Claymore Clackers can be modified by cutting off the male-connector end of the firing wire along with 6 to 18 inches of the attached firing wire, and plugging it into the clacker. Often, this connector is then taped to the clacker body to keep it from easily working loose. Then the wires on the other end of the firing wire are bared, so that they may be attached to normal firing wire and hence the blasting caps.

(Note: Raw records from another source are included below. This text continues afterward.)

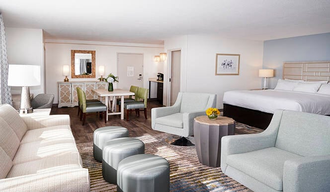 The Coonamessett offers two (2) comfortable 1st-floor King junior suites that are both ADA accessible. One large space features a plush king bed and a lounge/sitting area with a sofa and dining table as well as a private bath with a walk-in shower. These 475-510 square foot rooms also include a 43" Smart TV, Bluetooth radio, mini-fridge, individually-controlled AC and heat (window AC units used in the warmer months), and free wireless internet access.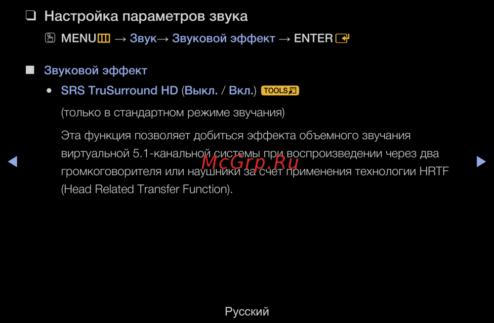 - Доступно если в качестве источника входного сигнала параметр вход установлено значение тв русский p.88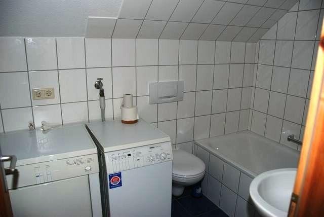 Das Ferienhaus bietet Ihnen zudem zwei Badezimmer mit Fenster. Das Bad im Erdgeschoss des Hauses verfügt über eine Dusche, Waschtisch, WC, Urinal und Handtuchheizkörper. Das Bad im Obergeschoss bietet eine Badewanne, Waschtisch, WC, eine Waschmaschine und einen Trockner.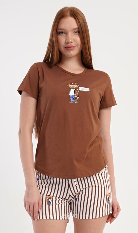 Dámské pyžamo se skládá z trička s krátkým rukávem a šortkových kalhot. Jednobarevné tričko zdobí obrázek medvídka.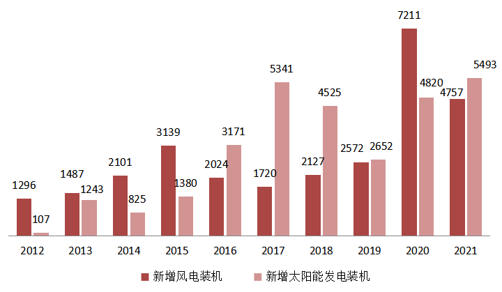 圖10 2012~2021年新增風電、太陽能發(fā)電裝機情況(單位:萬千瓦)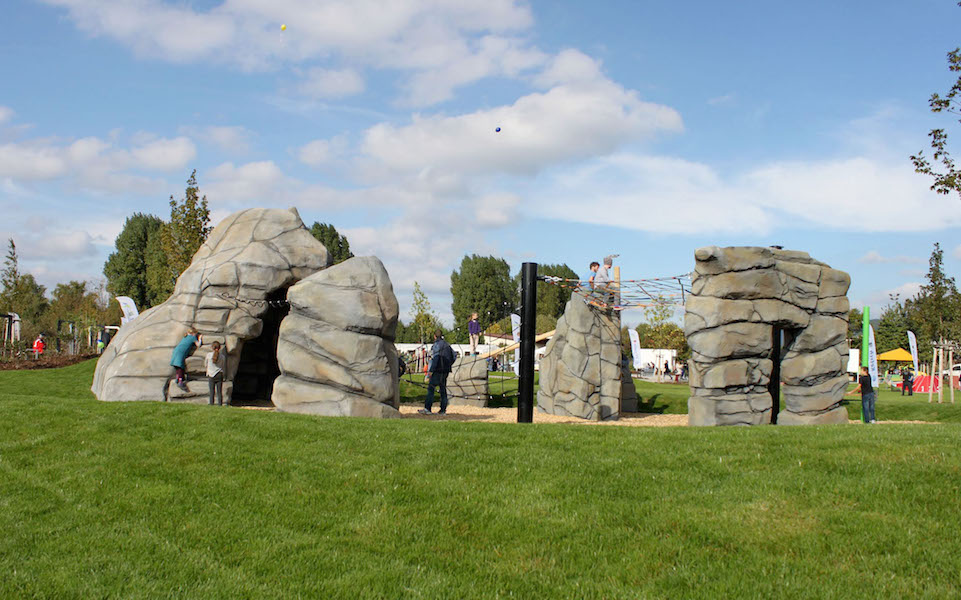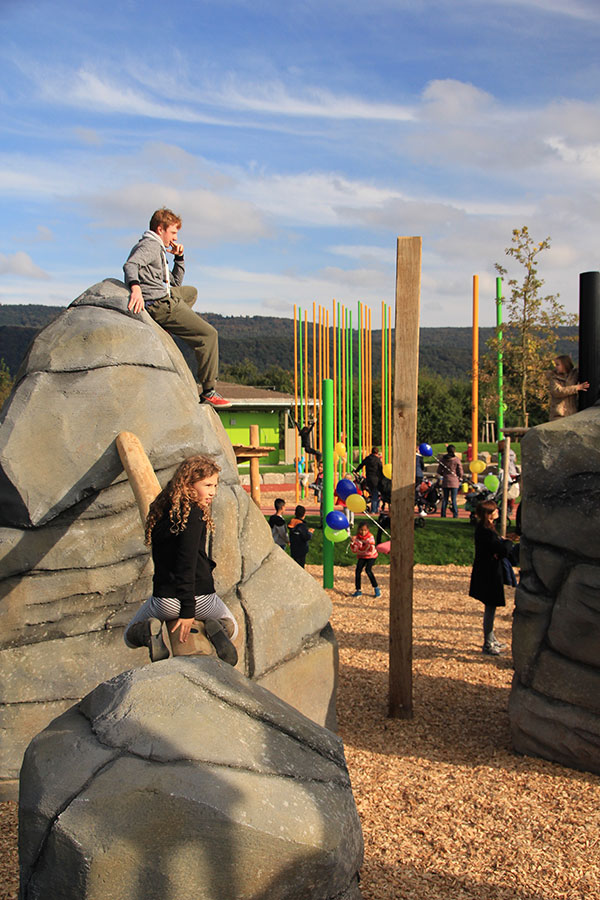 Ein Highlight ist der große Kletterfelsen mit Rutsche, der durch ein drei Meter hohes "Traumfängernetz aus Slacklingegurten" verbunden ist, auf

A clacker isn’t a super-terrific blast machine; it’s just not powerful enough to set off caps at a great distance. However, it is often employed when you want to set off a nearby explosion very quickly and easily, with near-instant effect. If, for instance, your characters are cops using electric blasting caps to set off a charge that will blow open a door, give them a modified Claymore Clacker to do this job. It works very well.
Priming a Block of Explosives
You recall, hopefully, what I wrote above about “snuggling” that small (but relatively unstable) charge up to your larger (more stable) charge in order to set off the big bang.
The way you do this with a blasting cap is pretty simple: you make a hole in your larger charge and shove the blasting cap down inside it. Seems kind of stupidly simple, doesn’t it? The specific method used, however, depends on the explosive you’re trying to set off. And, since we’ll need to take them one-by-one, we’ll have to cover that in a subsequent installment.
In Explosives 103 (in two weeks) I plan to cover Military Non-Electric Blasting Caps, and civilian NON-EL blasting caps. Then we’ll touch lightly on unclassified Time Pencil info, and begin (if there’s time) looking at how to prime different explosive charges — probably beginning with dynamite.
After we examine how to prime a few kinds of common explosives, I’ll provide a short wrap-up and toss in a few extra tips that should lend a little “icing” of extra verisimilitude to any passage you invent about somebody using explosives.
If you guys don’t like this, let me know. I can always drop this subject and write about something else. I thought, however, that you might enjoy having a little “primer” you could refer to when (or if) it comes time for somebody in one of your stories to blow something up.